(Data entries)
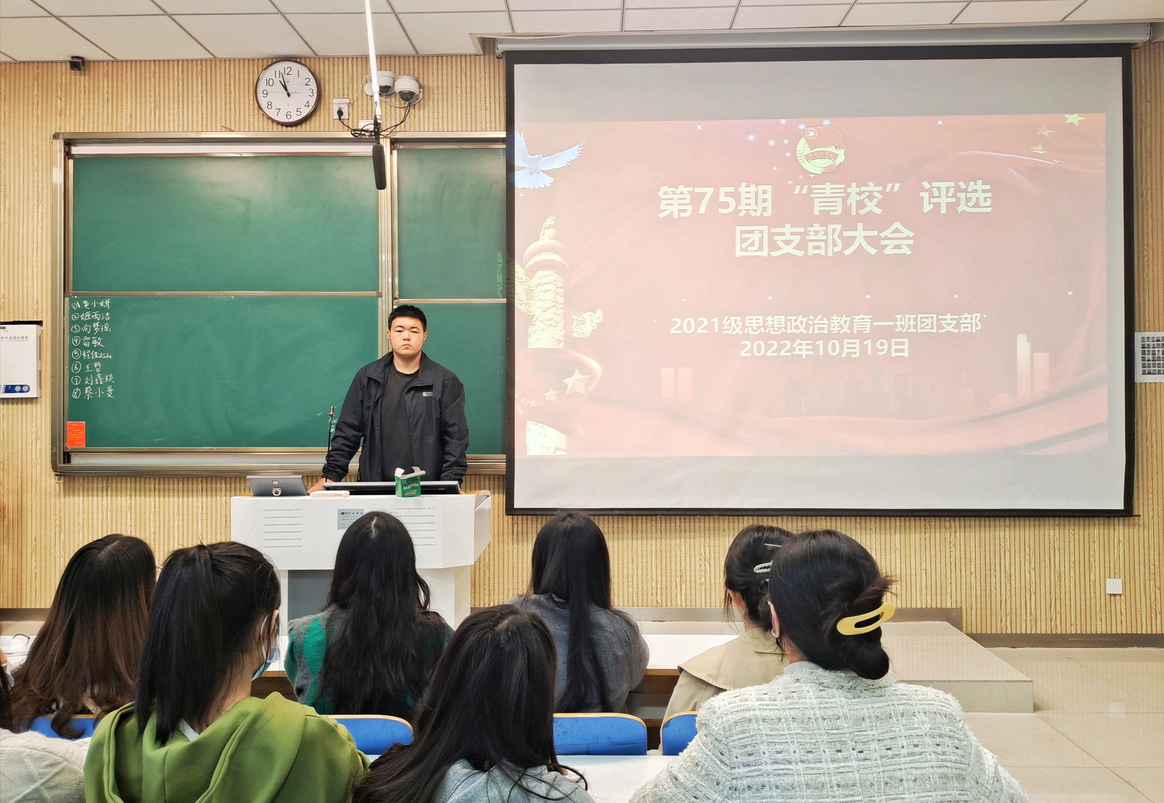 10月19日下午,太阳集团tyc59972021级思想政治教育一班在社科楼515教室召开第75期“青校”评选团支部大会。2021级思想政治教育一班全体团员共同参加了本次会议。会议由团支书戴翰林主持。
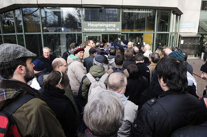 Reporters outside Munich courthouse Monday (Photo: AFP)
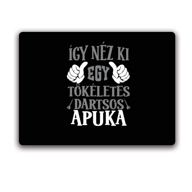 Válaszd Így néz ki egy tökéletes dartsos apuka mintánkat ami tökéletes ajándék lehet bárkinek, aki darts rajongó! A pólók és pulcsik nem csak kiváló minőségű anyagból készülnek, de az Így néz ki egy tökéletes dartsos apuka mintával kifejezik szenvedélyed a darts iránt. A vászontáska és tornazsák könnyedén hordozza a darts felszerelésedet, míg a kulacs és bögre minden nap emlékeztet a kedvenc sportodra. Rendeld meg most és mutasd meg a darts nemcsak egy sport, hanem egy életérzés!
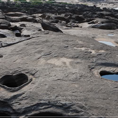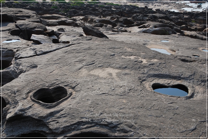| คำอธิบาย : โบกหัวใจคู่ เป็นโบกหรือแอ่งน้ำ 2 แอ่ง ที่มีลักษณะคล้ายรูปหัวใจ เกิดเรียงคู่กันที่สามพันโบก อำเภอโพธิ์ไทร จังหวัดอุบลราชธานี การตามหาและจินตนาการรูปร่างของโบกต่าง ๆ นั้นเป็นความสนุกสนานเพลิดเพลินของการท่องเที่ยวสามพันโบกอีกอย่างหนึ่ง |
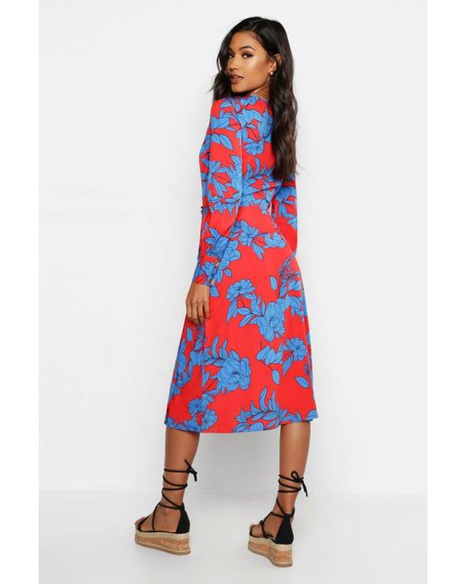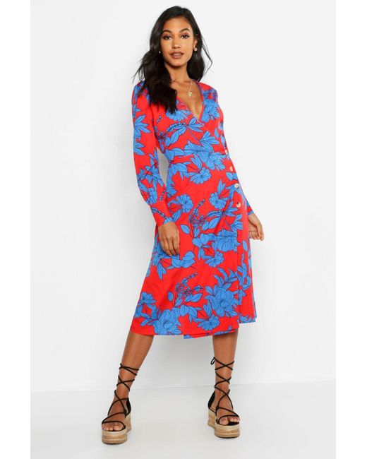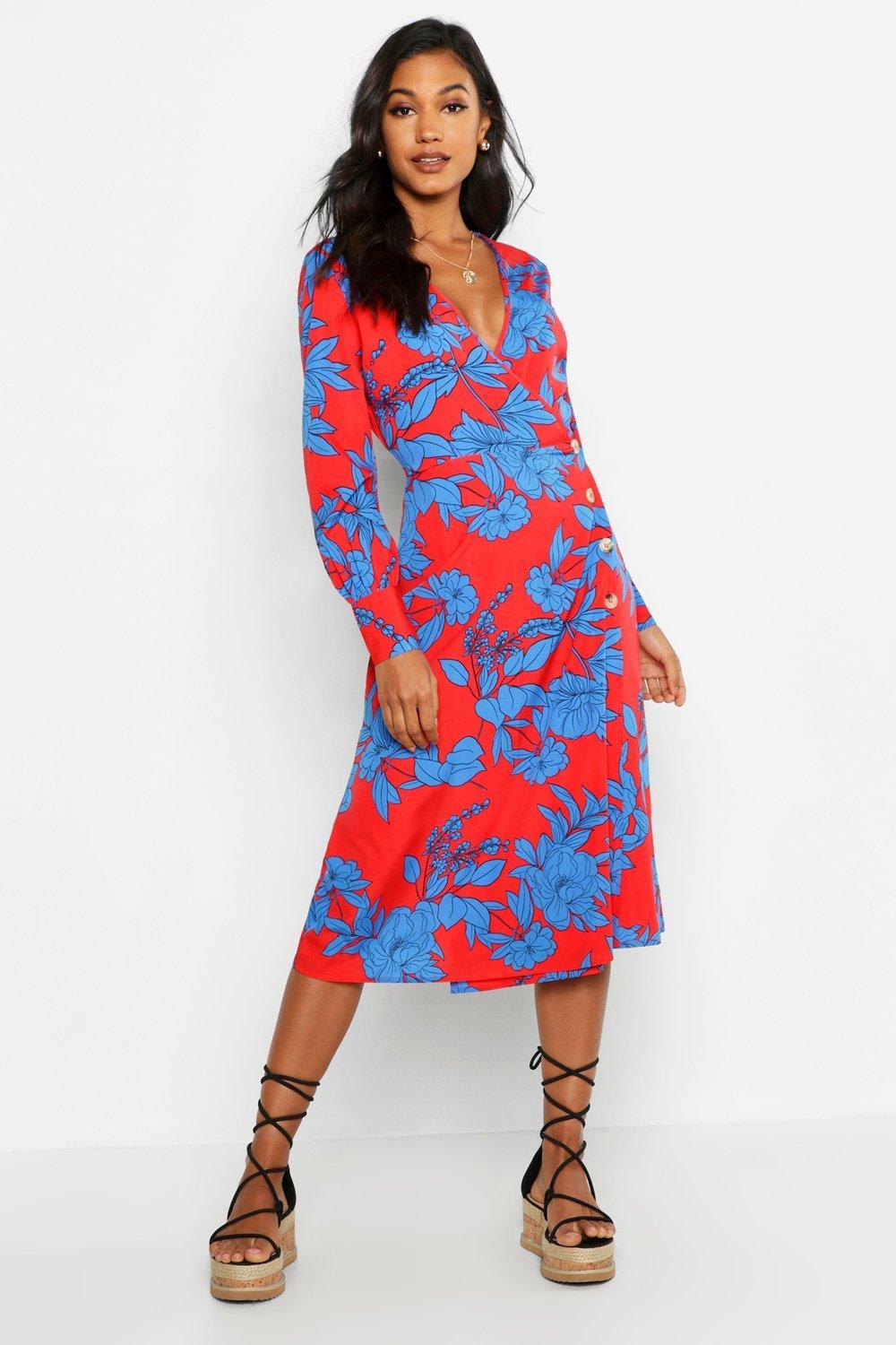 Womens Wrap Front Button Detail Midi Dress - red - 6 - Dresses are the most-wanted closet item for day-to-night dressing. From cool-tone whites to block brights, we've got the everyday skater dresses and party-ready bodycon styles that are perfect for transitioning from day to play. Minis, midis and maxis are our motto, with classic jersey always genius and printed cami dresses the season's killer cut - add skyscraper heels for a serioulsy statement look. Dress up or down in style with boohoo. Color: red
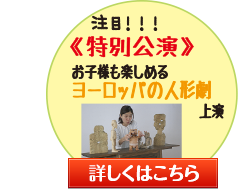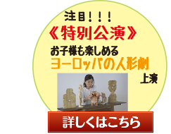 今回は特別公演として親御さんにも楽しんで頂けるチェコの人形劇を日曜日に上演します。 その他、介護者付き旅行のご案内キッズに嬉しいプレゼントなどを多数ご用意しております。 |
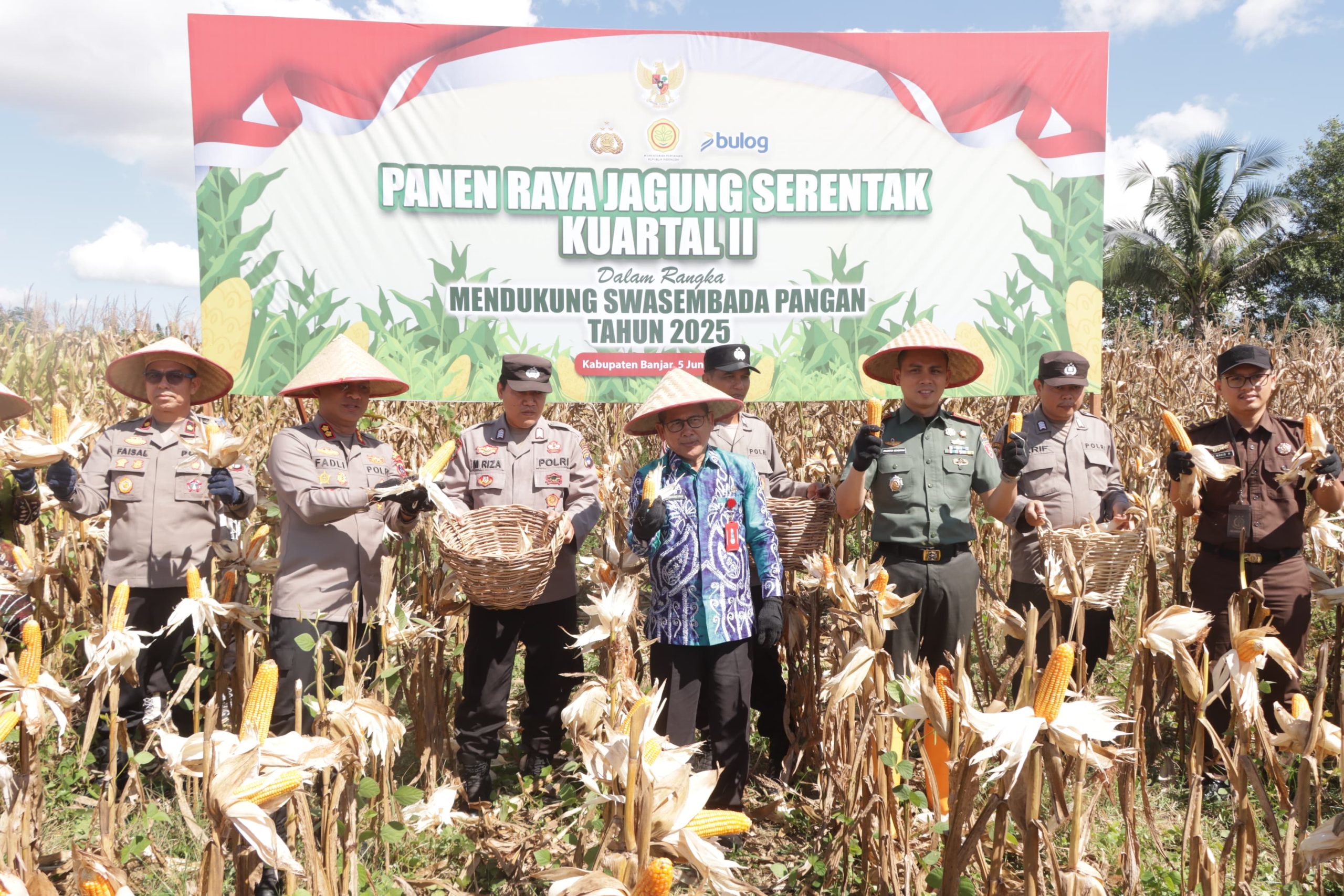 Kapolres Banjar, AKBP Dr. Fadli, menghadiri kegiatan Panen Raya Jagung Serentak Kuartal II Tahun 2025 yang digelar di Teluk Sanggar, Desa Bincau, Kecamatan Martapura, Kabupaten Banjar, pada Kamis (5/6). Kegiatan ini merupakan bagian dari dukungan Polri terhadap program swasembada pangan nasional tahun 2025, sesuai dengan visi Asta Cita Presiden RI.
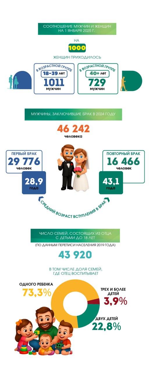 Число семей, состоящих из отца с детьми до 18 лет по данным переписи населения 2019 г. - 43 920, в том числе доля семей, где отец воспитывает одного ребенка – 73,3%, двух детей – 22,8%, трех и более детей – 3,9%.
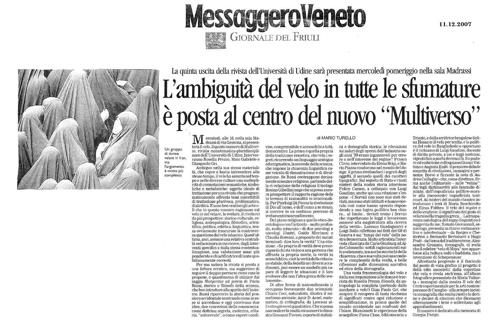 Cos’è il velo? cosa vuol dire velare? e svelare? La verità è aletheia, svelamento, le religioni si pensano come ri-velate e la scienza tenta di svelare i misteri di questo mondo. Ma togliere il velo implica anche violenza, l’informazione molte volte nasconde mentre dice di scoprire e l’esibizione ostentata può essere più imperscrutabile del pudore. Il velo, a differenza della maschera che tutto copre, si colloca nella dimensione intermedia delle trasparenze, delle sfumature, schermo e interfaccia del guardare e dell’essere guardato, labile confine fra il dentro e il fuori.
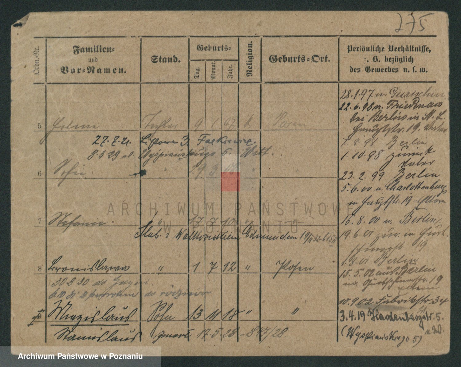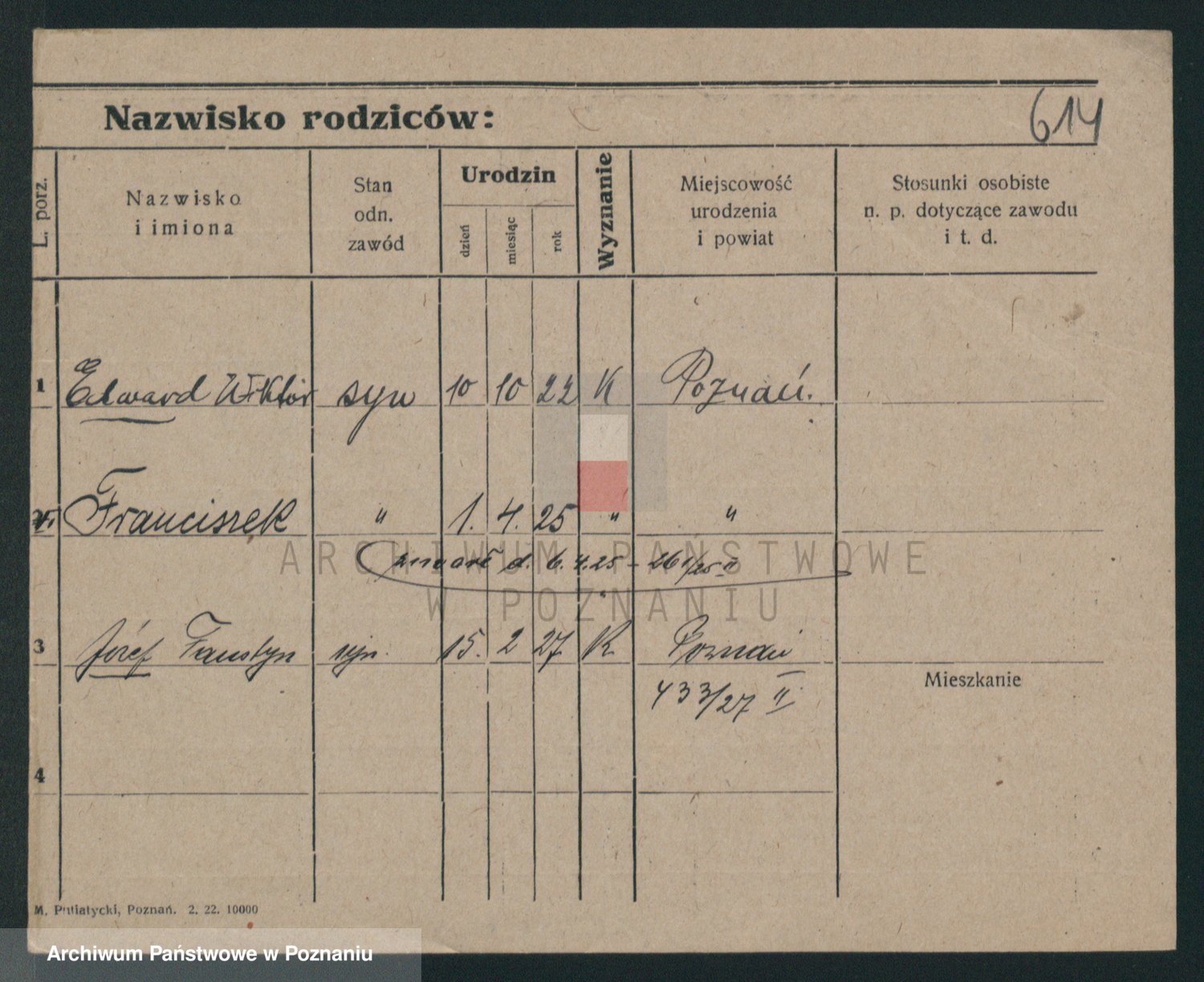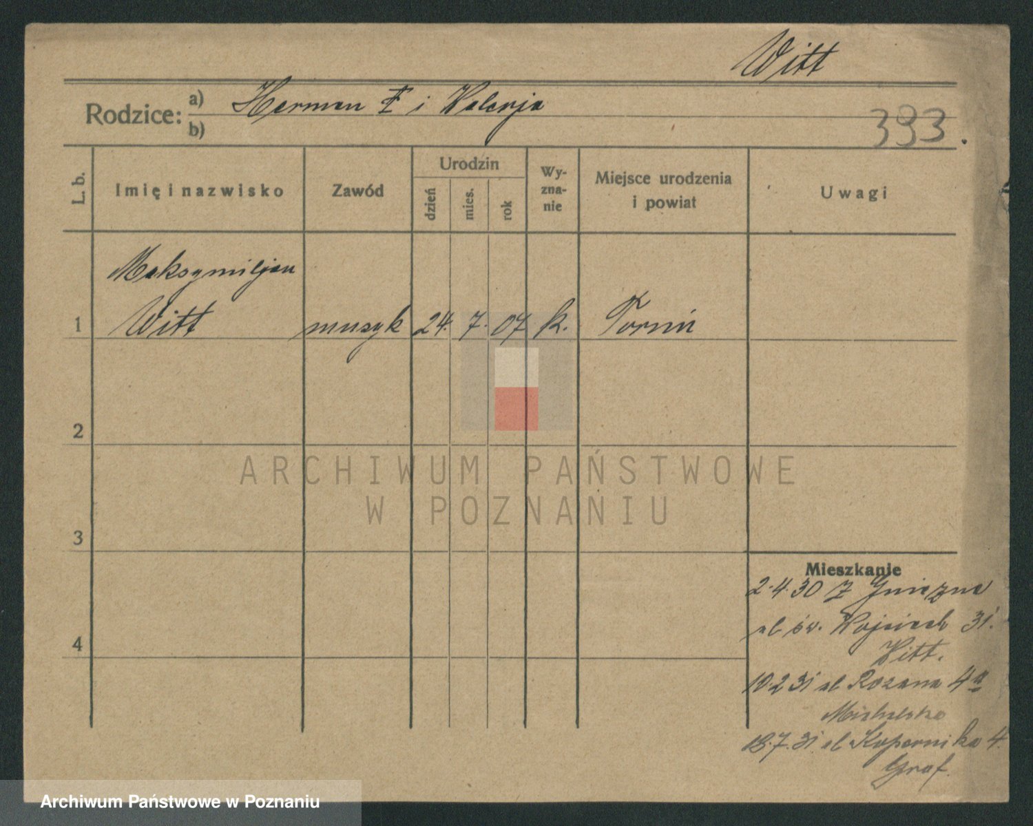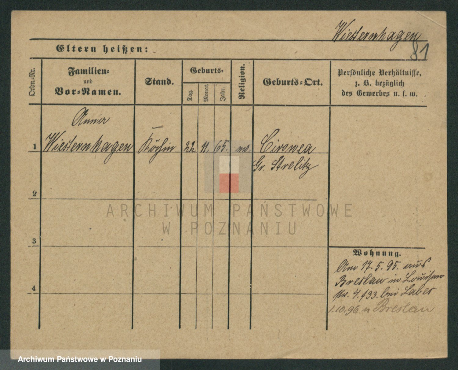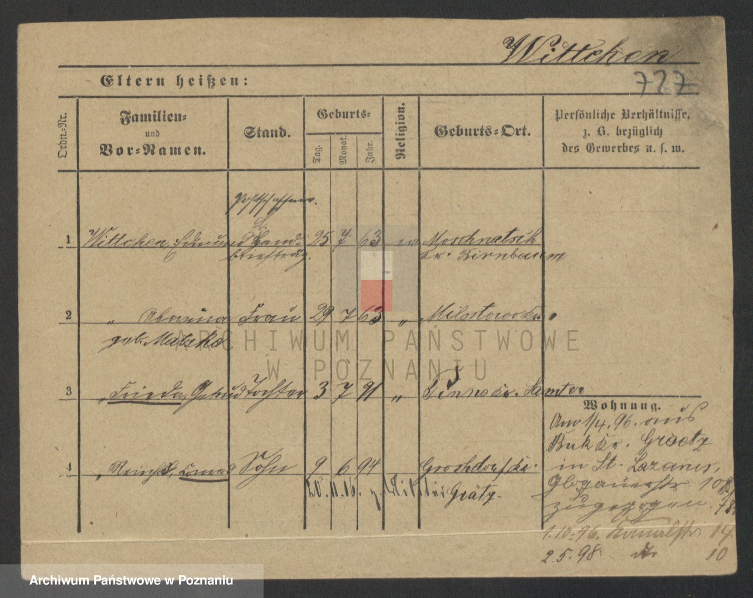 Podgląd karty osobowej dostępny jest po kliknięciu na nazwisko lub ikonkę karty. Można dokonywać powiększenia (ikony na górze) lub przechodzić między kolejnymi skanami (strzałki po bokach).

Work instructions >> Omit all pictures while transcribing the entries verbatim.

Solution >>
 10月19日下午,太阳集团tyc59972021级思想政治教育一班在社科楼515教室召开第75期“青校”评选团支部大会。2021级思想政治教育一班全体团员共同参加了本次会议。会议由团支书戴翰林主持。
 Reporters outside Munich courthouse Monday (Photo: AFP)
 Válaszd Így néz ki egy tökéletes dartsos apuka mintánkat ami tökéletes ajándék lehet bárkinek, aki darts rajongó! A pólók és pulcsik nem csak kiváló minőségű anyagból készülnek, de az Így néz ki egy tökéletes dartsos apuka mintával kifejezik szenvedélyed a darts iránt. A vászontáska és tornazsák könnyedén hordozza a darts felszerelésedet, míg a kulacs és bögre minden nap emlékeztet a kedvenc sportodra. Rendeld meg most és mutasd meg a darts nemcsak egy sport, hanem egy életérzés!
| คำอธิบาย : โบกหัวใจคู่ เป็นโบกหรือแอ่งน้ำ 2 แอ่ง ที่มีลักษณะคล้ายรูปหัวใจ เกิดเรียงคู่กันที่สามพันโบก อำเภอโพธิ์ไทร จังหวัดอุบลราชธานี การตามหาและจินตนาการรูปร่างของโบกต่าง ๆ นั้นเป็นความสนุกสนานเพลิดเพลินของการท่องเที่ยวสามพันโบกอีกอย่างหนึ่ง |
 Womens Wrap Front Button Detail Midi Dress - red - 6 - Dresses are the most-wanted closet item for day-to-night dressing. From cool-tone whites to block brights, we've got the everyday skater dresses and party-ready bodycon styles that are perfect for transitioning from day to play. Minis, midis and maxis are our motto, with classic jersey always genius and printed cami dresses the season's killer cut - add skyscraper heels for a serioulsy statement look. Dress up or down in style with boohoo. Color: red
 今回は特別公演として親御さんにも楽しんで頂けるチェコの人形劇を日曜日に上演します。 その他、介護者付き旅行のご案内キッズに嬉しいプレゼントなどを多数ご用意しております。 |
 Kapolres Banjar, AKBP Dr. Fadli, menghadiri kegiatan Panen Raya Jagung Serentak Kuartal II Tahun 2025 yang digelar di Teluk Sanggar, Desa Bincau, Kecamatan Martapura, Kabupaten Banjar, pada Kamis (5/6). Kegiatan ini merupakan bagian dari dukungan Polri terhadap program swasembada pangan nasional tahun 2025, sesuai dengan visi Asta Cita Presiden RI.
 Число семей, состоящих из отца с детьми до 18 лет по данным переписи населения 2019 г. - 43 920, в том числе доля семей, где отец воспитывает одного ребенка – 73,3%, двух детей – 22,8%, трех и более детей – 3,9%.
 Cos’è il velo? cosa vuol dire velare? e svelare? La verità è aletheia, svelamento, le religioni si pensano come ri-velate e la scienza tenta di svelare i misteri di questo mondo. Ma togliere il velo implica anche violenza, l’informazione molte volte nasconde mentre dice di scoprire e l’esibizione ostentata può essere più imperscrutabile del pudore. Il velo, a differenza della maschera che tutto copre, si colloca nella dimensione intermedia delle trasparenze, delle sfumature, schermo e interfaccia del guardare e dell’essere guardato, labile confine fra il dentro e il fuori.
 Podgląd karty osobowej dostępny jest po kliknięciu na nazwisko lub ikonkę karty. Można dokonywać powiększenia (ikony na górze) lub przechodzić między kolejnymi skanami (strzałki po bokach).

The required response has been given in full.